When you reach the line containing "The image presents", start transcribing exactly and continue through the last line of the data, skipping every picture.

#### DATASET EXCERPT
━━━━━━━━━━━━━━━━━━━━
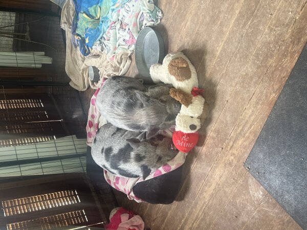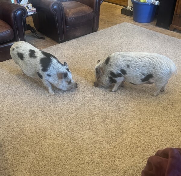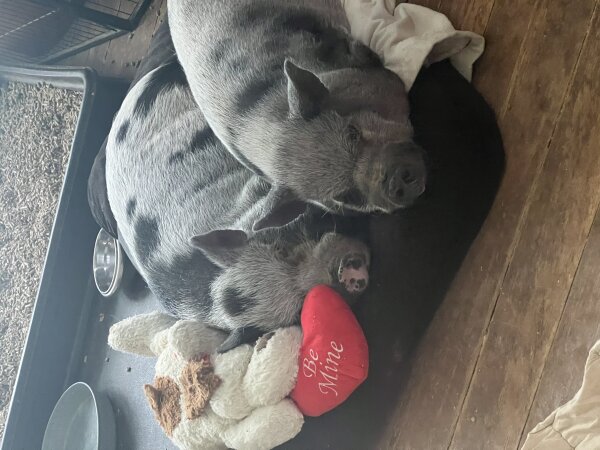 9/15/25 Still available! Liam and Isabella (Issie) are two gorgeous house piggies in need of a new home where they'll get some outside/yard time. They are bonded and must be adopted together. They were born 6/7/2019 and are both altered. They grew up as indoor pigs near a child and with an indoor cat and did well with both. They are crate trained and housebroken with a litterbox. Both can sit for treats. They are on the petite side for mini pigs.
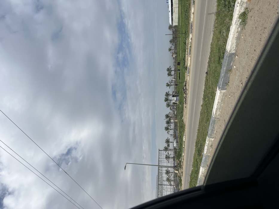 The image presents an outdoor scene captured from a vehicle, offering a view of a roadside environment in the city of Unknown, Palestinian Territory
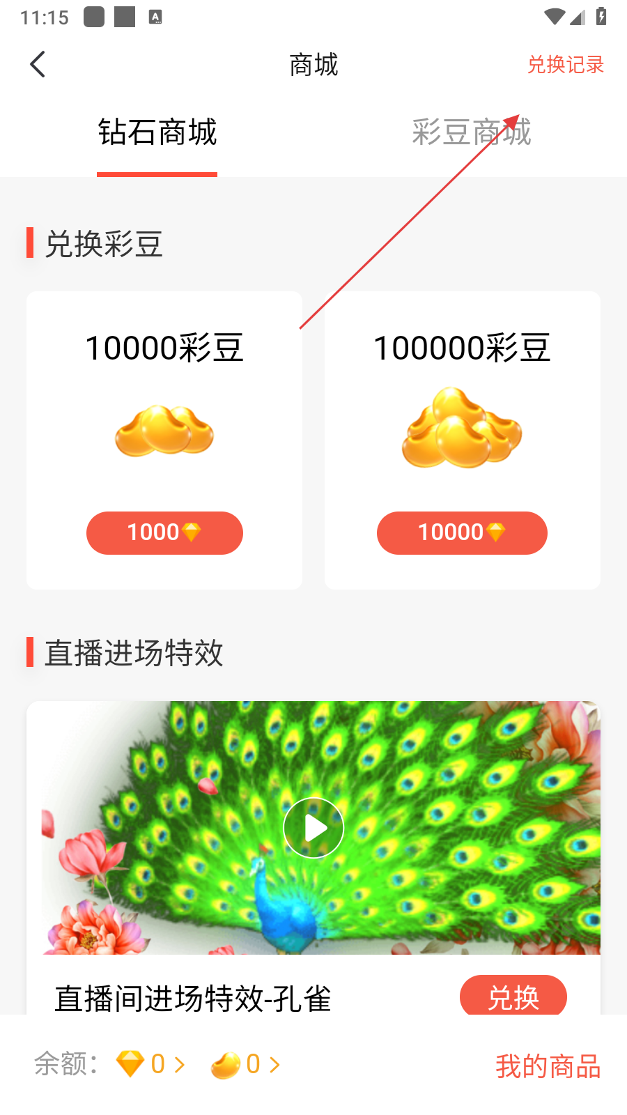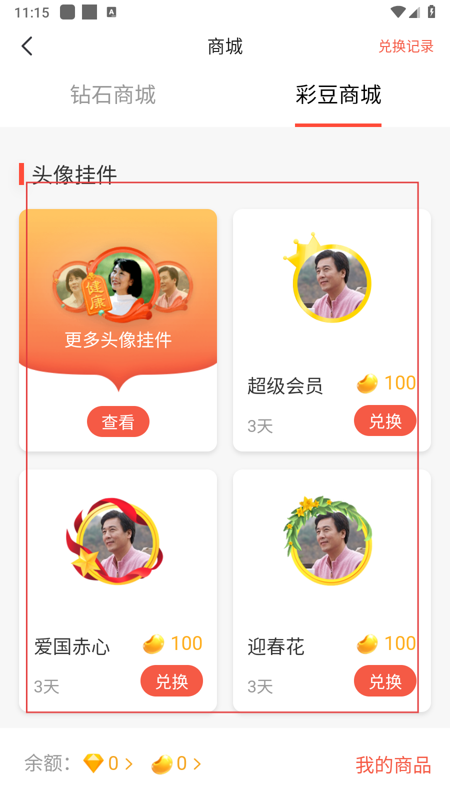 3、在商城界面,可选择【钻石商城】或【彩豆商城】,点击【彩豆商城】可查看彩豆可兑换的商品,如头像挂件等。
━━━━━━━━━━━━━━━━━━━━
#### OUTPUT FOR THIS TASK
 The image presents an outdoor scene captured from a vehicle, offering a view of a roadside environment in the city of Unknown, Palestinian Territory
 3、在商城界面,可选择【钻石商城】或【彩豆商城】,点击【彩豆商城】可查看彩豆可兑换的商品,如头像挂件等。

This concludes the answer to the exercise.